[WHAT THE EXERCISE ASKS]:
Exclude the pictures, then repeat the remaining data exactly.

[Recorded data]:
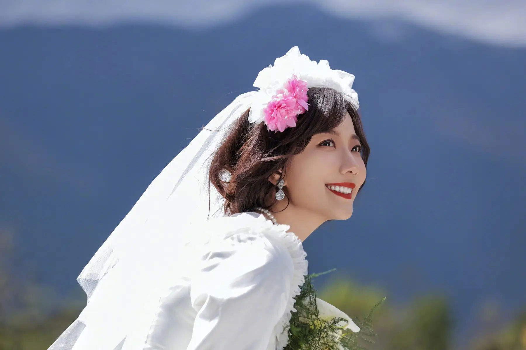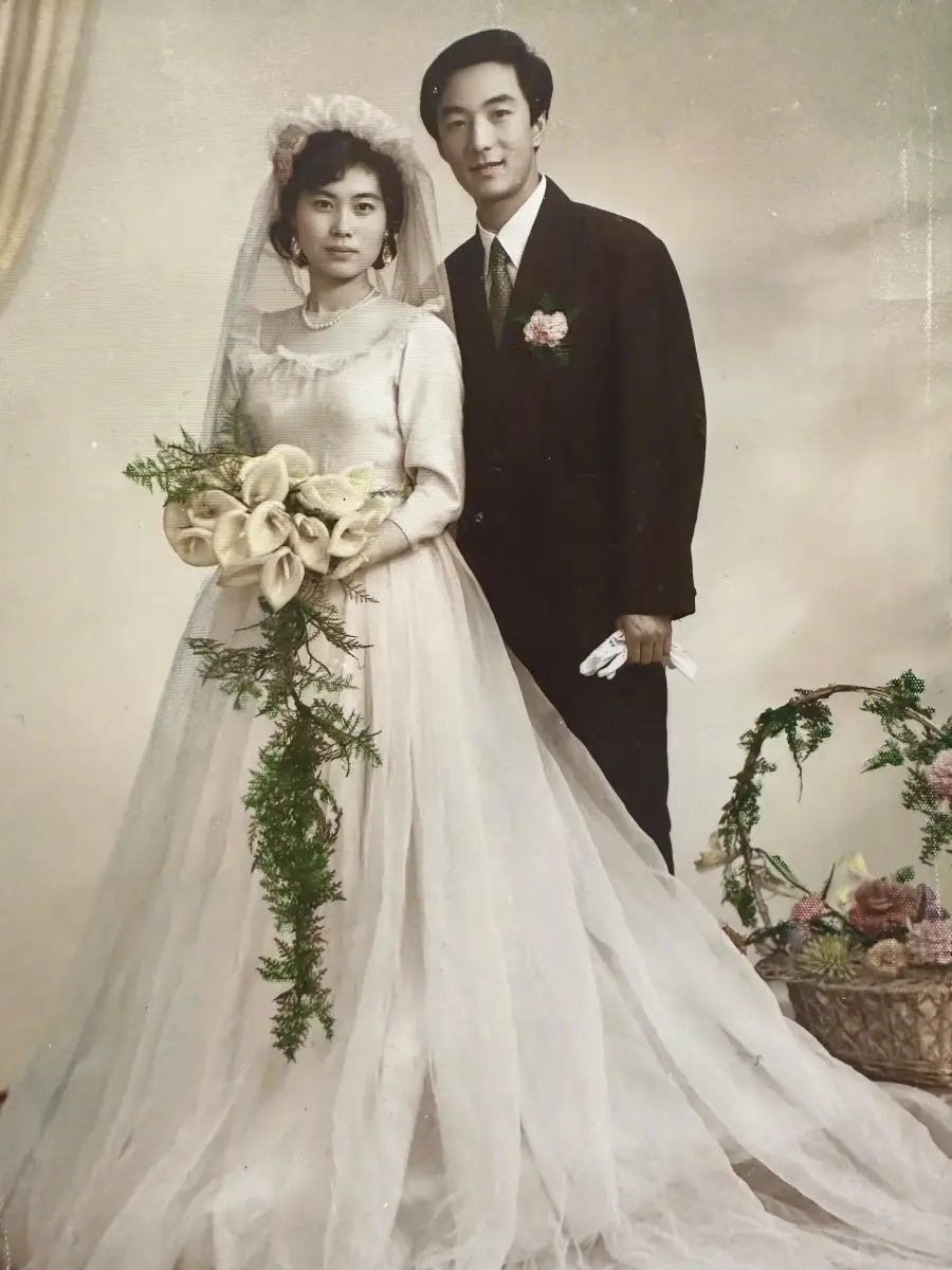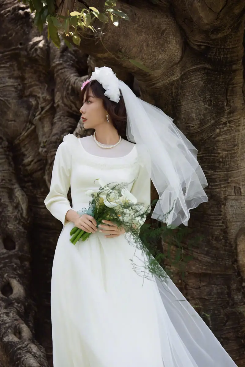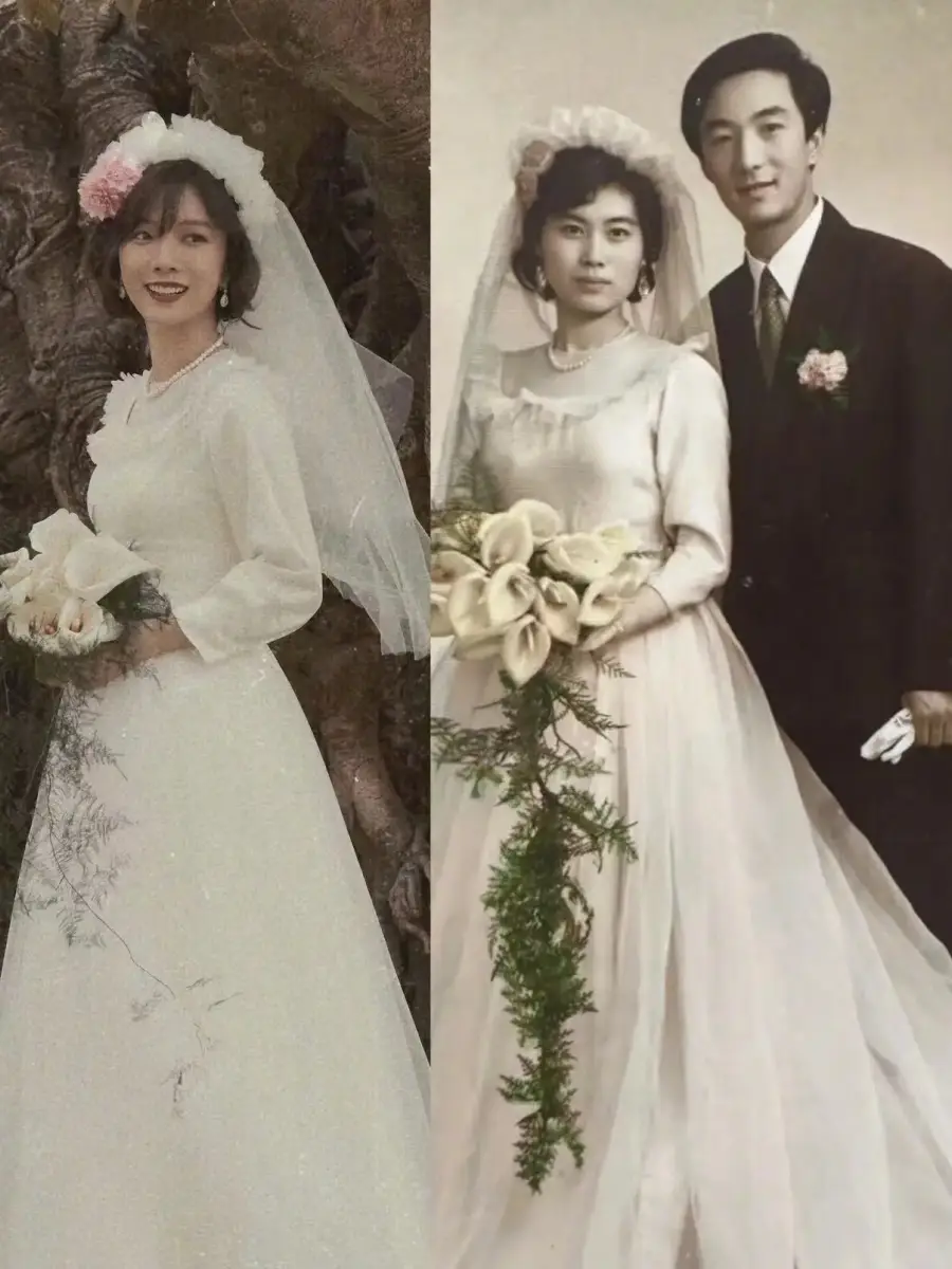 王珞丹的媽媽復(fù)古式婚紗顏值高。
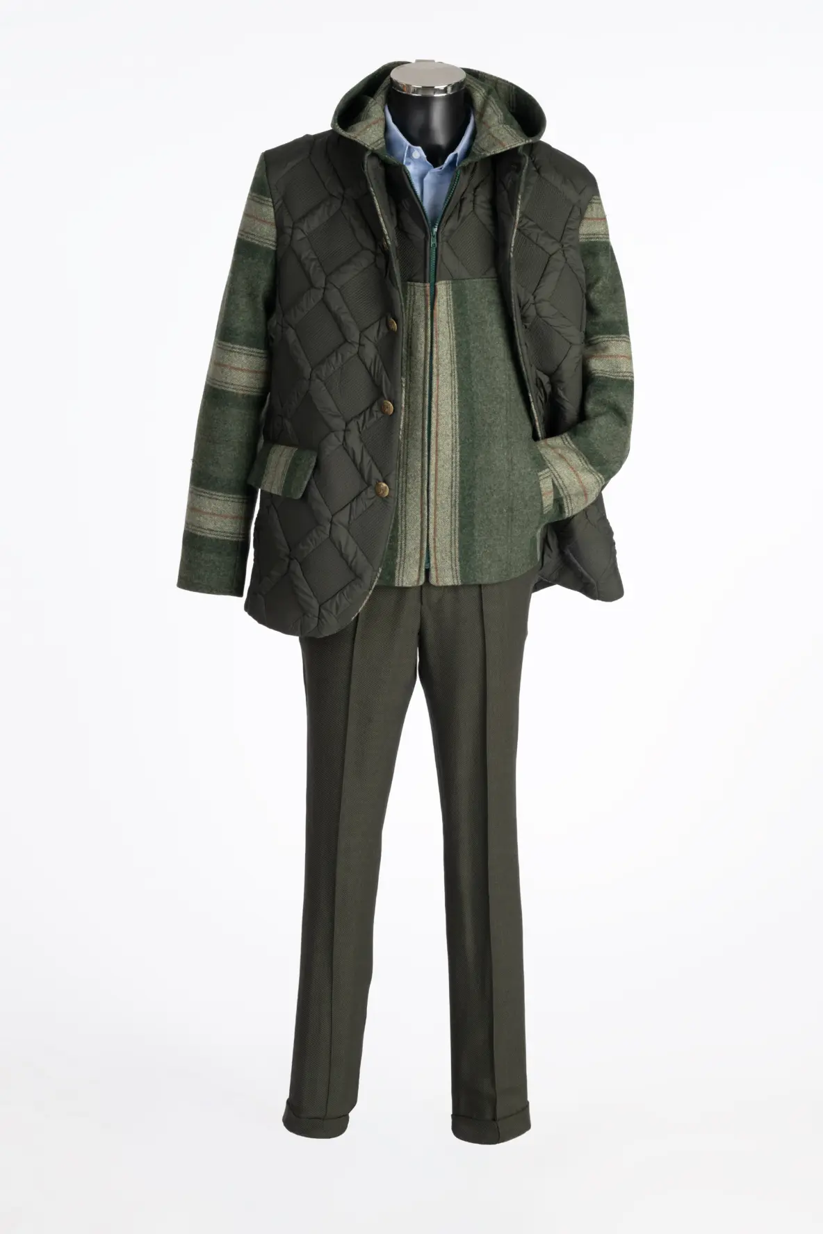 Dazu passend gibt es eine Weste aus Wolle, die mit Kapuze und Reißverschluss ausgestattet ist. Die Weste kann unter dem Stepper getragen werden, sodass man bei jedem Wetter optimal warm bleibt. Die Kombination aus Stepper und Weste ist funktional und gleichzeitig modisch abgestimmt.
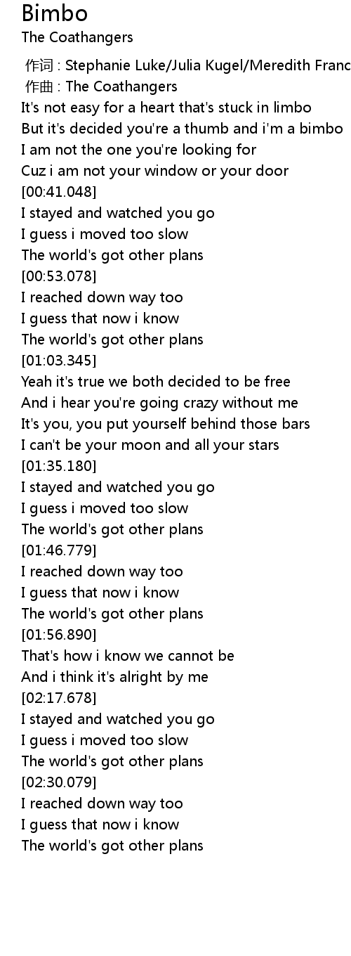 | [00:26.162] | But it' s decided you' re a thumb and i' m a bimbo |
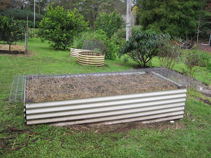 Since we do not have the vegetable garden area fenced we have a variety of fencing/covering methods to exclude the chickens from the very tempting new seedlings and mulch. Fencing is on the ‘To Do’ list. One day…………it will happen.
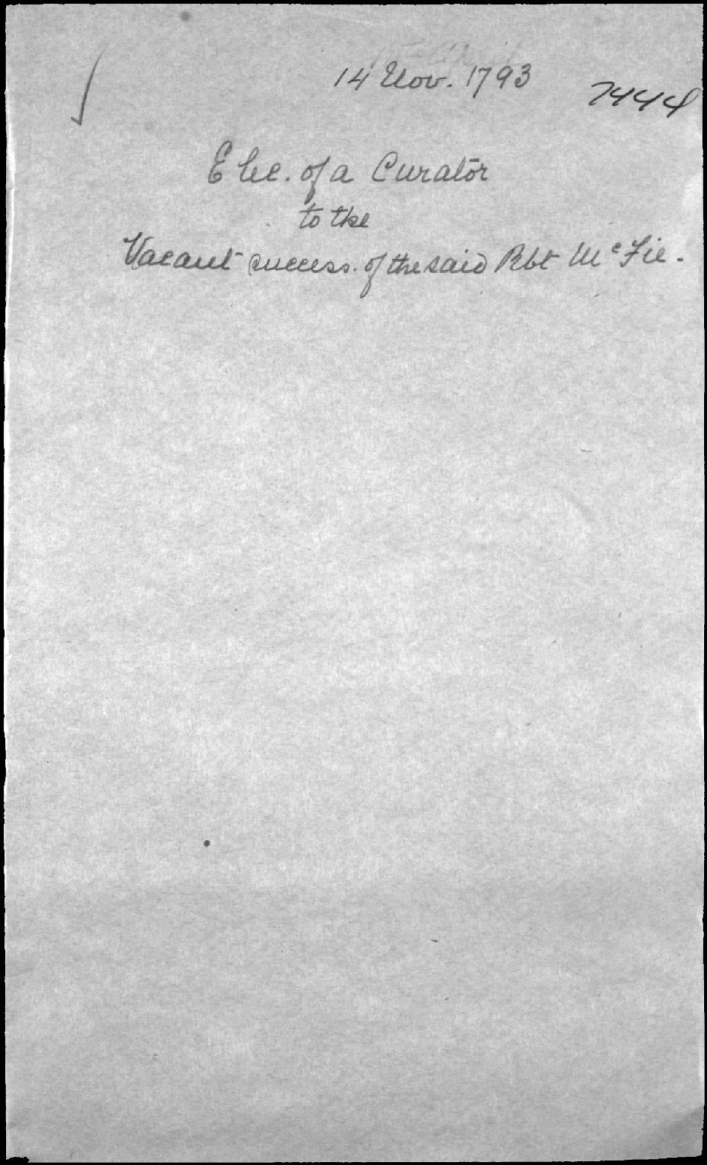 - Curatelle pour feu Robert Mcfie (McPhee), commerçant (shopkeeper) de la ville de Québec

[SOLUTION BELOW]:
 王珞丹的媽媽復(fù)古式婚紗顏值高。
 Dazu passend gibt es eine Weste aus Wolle, die mit Kapuze und Reißverschluss ausgestattet ist. Die Weste kann unter dem Stepper getragen werden, sodass man bei jedem Wetter optimal warm bleibt. Die Kombination aus Stepper und Weste ist funktional und gleichzeitig modisch abgestimmt.
 | [00:26.162] | But it' s decided you' re a thumb and i' m a bimbo |
 Since we do not have the vegetable garden area fenced we have a variety of fencing/covering methods to exclude the chickens from the very tempting new seedlings and mulch. Fencing is on the ‘To Do’ list. One day…………it will happen.
 - Curatelle pour feu Robert Mcfie (McPhee), commerçant (shopkeeper) de la ville de Québec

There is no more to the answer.